Industrial Energy Efficiency Projects
- GR Silicate Nano Fibers and Carbonates: Washington is the proposed location for this project, which plans a highly energy efficient process for manufacturing paper.
- Sage Electrochromics: Electrochromic Window Manufacturing Project: Minnesota is the proposed location for this project, which plans to develop a manufacturing facility that would produce energy-efficient windows for the commercial and residential building sectors.
Solar Energy Projects
- Luz II: Nevada is the proposed location for this project, which plans to develop a highly efficient large-scale power project using concentrated solar-thermal technology.
- Solyndra, Inc.: California is the proposed location for this project, which plans to manufacture highly efficient thin-film photovoltaic modules.
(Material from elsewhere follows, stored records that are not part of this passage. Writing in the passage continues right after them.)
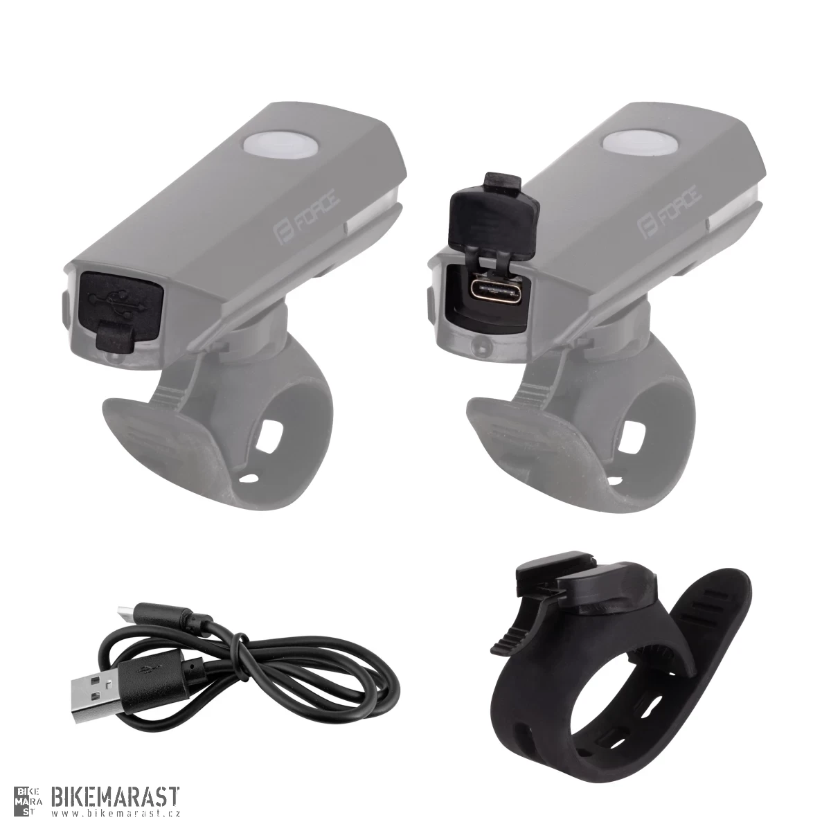 Přední světlo FORCE FLUX 200LM USB, černé
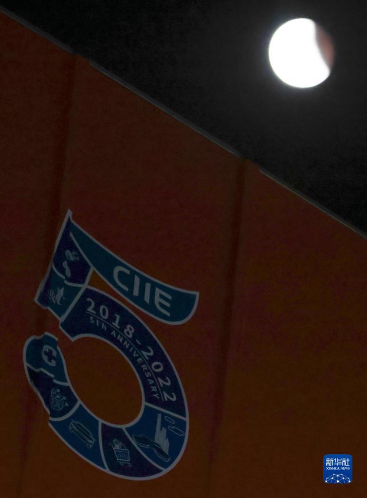 这是11月8日在国家会展中心(上海)拍摄的月食。
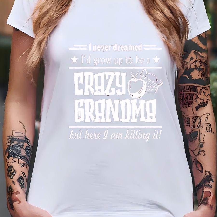 Funny Grandma Shirt Hoodie, I Never Dreamed I'd Grow Up To Be A Crazy Grandma Tee, Grandma Shirt Tee Hoodie, Funny Grandmother Tee Tees T-shirt
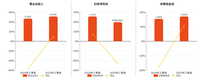 公司营业总收入为6.09亿元,较去年同报告期营业总收入增加5273.03万元,同比较去年同期上涨9.48%。归母净利润为8586.66万元,较去年同报告期归母净利润减少2607.27万元,同比较去年同期下降23.29%。经营活动现金净流入为2.00亿元,较去年同报告期经营活动现金净流入增加1941.83万元,同比较去年同期上涨10.77%。
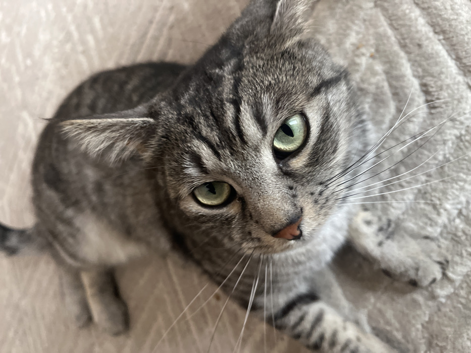 - "A high-angle, close-up photograph captures a domestic short-haired cat, identified by its grey and black tabby markings, lying on a light-colored, textured surface" by FM-5gWWV2, licensed under CC BY 4.0
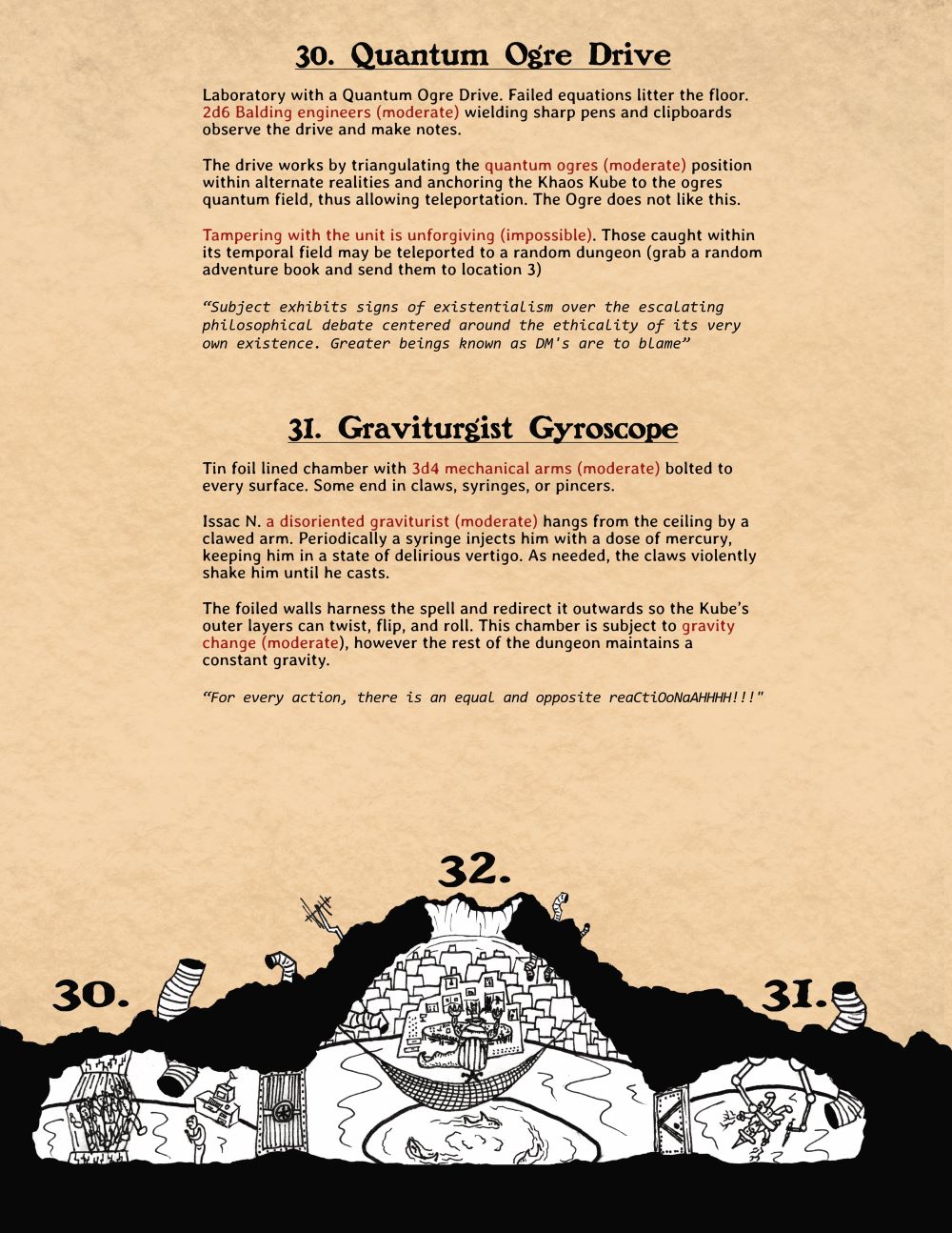 The 2025 Chaos Megadungeon Collaborative was a celebratory game jam hosted by the Peasantry TTRPG community. Each participant was tasked with designing a single room for the dungeon, which was later collaged into a giant map. The goal of the event was to create a wild and chaotic experience built on the minds of numerous ttrpg enthusiasts, game masters, and game designers. Each room should feel unique and different from the last, players should never be able to expect what will come next, only hope that it was forgiving.
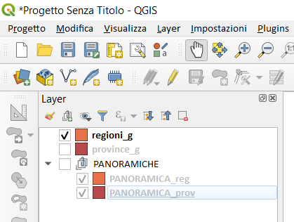 • duplichiamo il layer regioni due volte perché ci servirà come panoramica per le regioni e per le province;
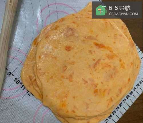 3每一层刷玉米油,叠起来,上面盖最大那片,然后锁边,把边缘收在饼的底层。
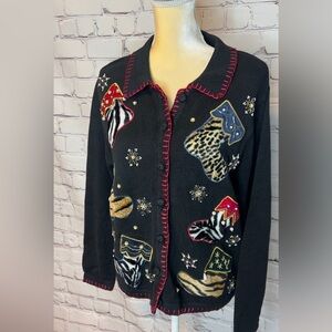 VINTAGE 80’s NOVELTY FUN CHRISTMAS SWEATER CARDIGAN ANIMAL PRINT STOCKING
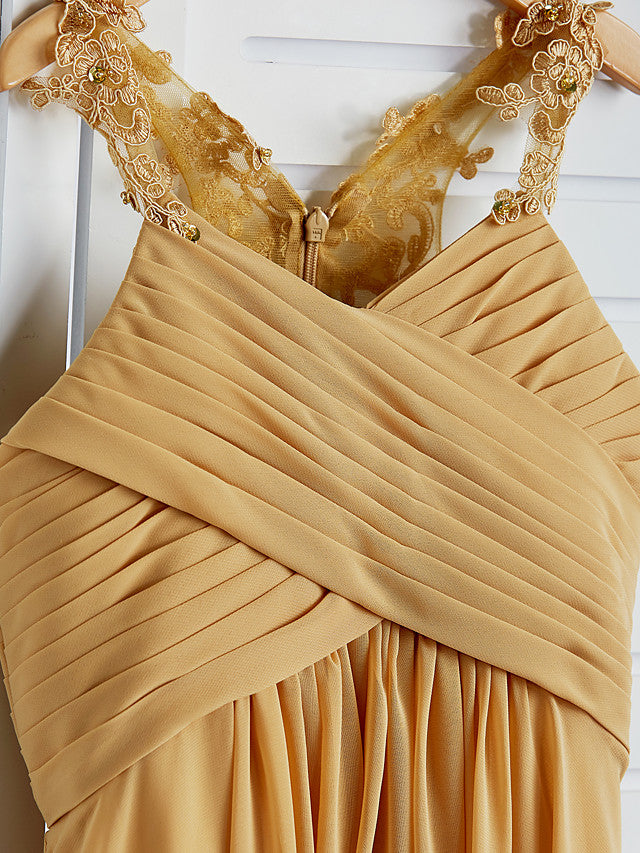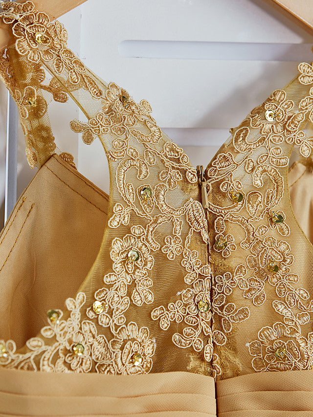 A-Line Halter Neck Flower Girl Dress with Chiffon and Appliques
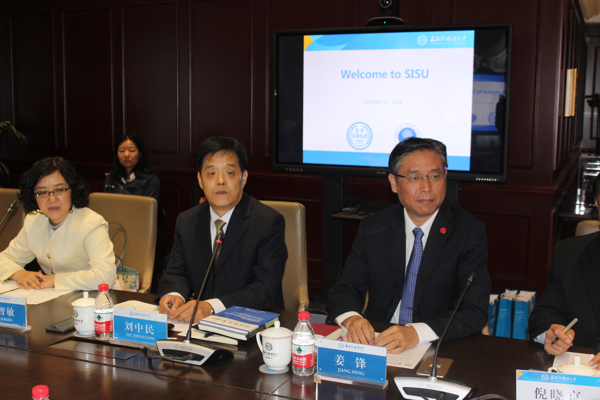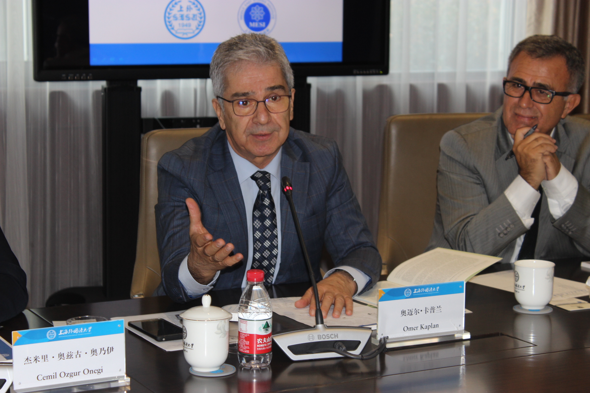 姜锋书记对土耳其客人来访表示热烈欢迎,他介绍了上海外国语大学的发展定位以及近年来与伊兹密尔省、伊兹密尔经济大学等教育机构的合作与交流情况,希望进一步加强双方间的教育学术交流,并向对方赠送了中东研究所主办的中英文期刊。刘中民所长介绍了中东研究所的发展历程、机构设置、学术研究和期刊建设等情况。
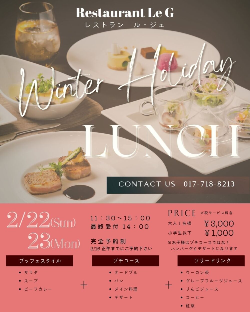 完全予約制となりますので2/16正午までにご予約下さいませ!
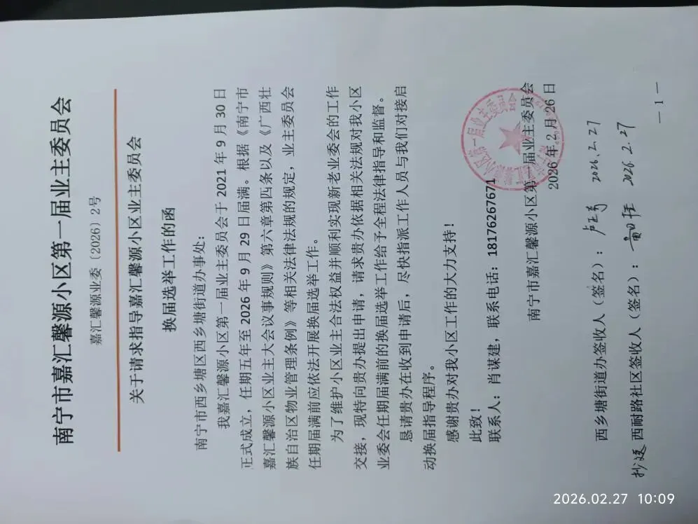 (十二)2026年2月27日,向街道办和社区递交关于申请指导业委会任期届满需要换届选举的工作函,为即将进行的换届筹备提前准备。

Electricity Delivery And Energy Reliability Project
- Beacon Power: Massachusetts is the proposed location for this project, which plans to develop a system that will enhance peak performance of electric generation over the power grid.
Following funding and authorization for the program in February 2007, the DOE has established a Credit Review Board to make recommendations to the Secretary of Energy on loan guarantees; named an office director and technical and financial experts to work in the Loan Guarantee program office; and developed guidelines for the financial and technical review of loan guarantee applications.